▶ REQUIRED WORK: Skip the pictures. Output only the lines below starting at the line with "노마드 휴대용 캠핑용 하이클래스 양념통 그레이8p N-7724" and ending at the line with "Disney wanted to", both ends included, exactly as they are.

▶ SUPPLIED MATERIAL:
──────────────────────────────
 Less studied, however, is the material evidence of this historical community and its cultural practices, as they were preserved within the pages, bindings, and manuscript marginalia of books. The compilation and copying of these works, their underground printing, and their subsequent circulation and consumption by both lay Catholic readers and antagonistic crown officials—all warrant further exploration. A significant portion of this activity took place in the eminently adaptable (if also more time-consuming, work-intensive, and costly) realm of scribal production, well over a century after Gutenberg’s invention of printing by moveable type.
──────────────────────────────
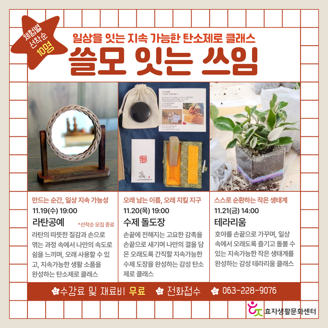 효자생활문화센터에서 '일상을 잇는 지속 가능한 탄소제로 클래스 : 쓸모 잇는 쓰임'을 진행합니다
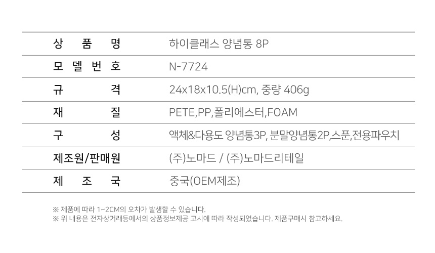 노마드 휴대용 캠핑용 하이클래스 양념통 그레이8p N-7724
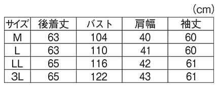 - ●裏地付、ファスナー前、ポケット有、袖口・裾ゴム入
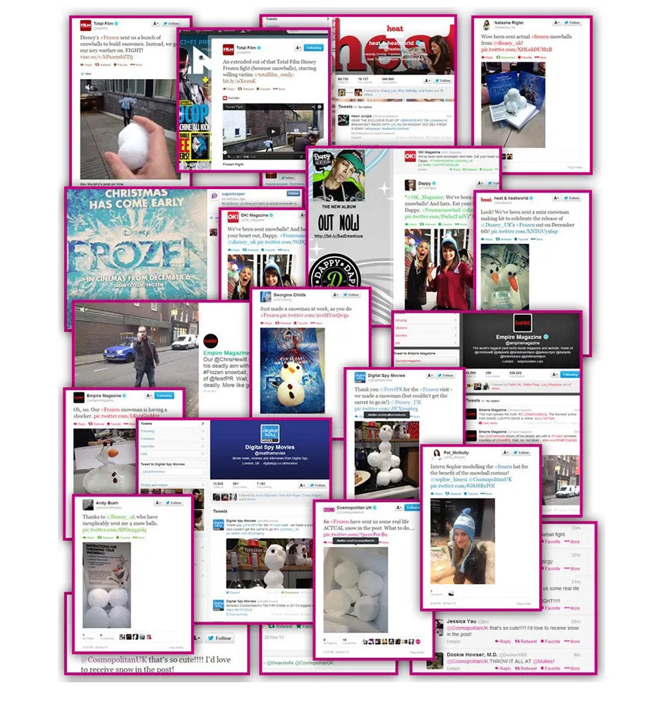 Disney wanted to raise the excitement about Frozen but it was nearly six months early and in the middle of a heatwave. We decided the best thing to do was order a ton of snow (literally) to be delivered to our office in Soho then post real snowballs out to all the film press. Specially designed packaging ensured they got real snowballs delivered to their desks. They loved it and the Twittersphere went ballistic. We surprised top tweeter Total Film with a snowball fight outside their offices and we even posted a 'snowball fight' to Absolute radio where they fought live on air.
──────────────────────────────
▶ ANSWER TO THIS TASK:
 노마드 휴대용 캠핑용 하이클래스 양념통 그레이8p N-7724
 - ●裏地付、ファスナー前、ポケット有、袖口・裾ゴム入
 Disney wanted to raise the excitement about Frozen but it was nearly six months early and in the middle of a heatwave. We decided the best thing to do was order a ton of snow (literally) to be delivered to our office in Soho then post real snowballs out to all the film press. Specially designed packaging ensured they got real snowballs delivered to their desks. They loved it and the Twittersphere went ballistic. We surprised top tweeter Total Film with a snowball fight outside their offices and we even posted a 'snowball fight' to Absolute radio where they fought live on air.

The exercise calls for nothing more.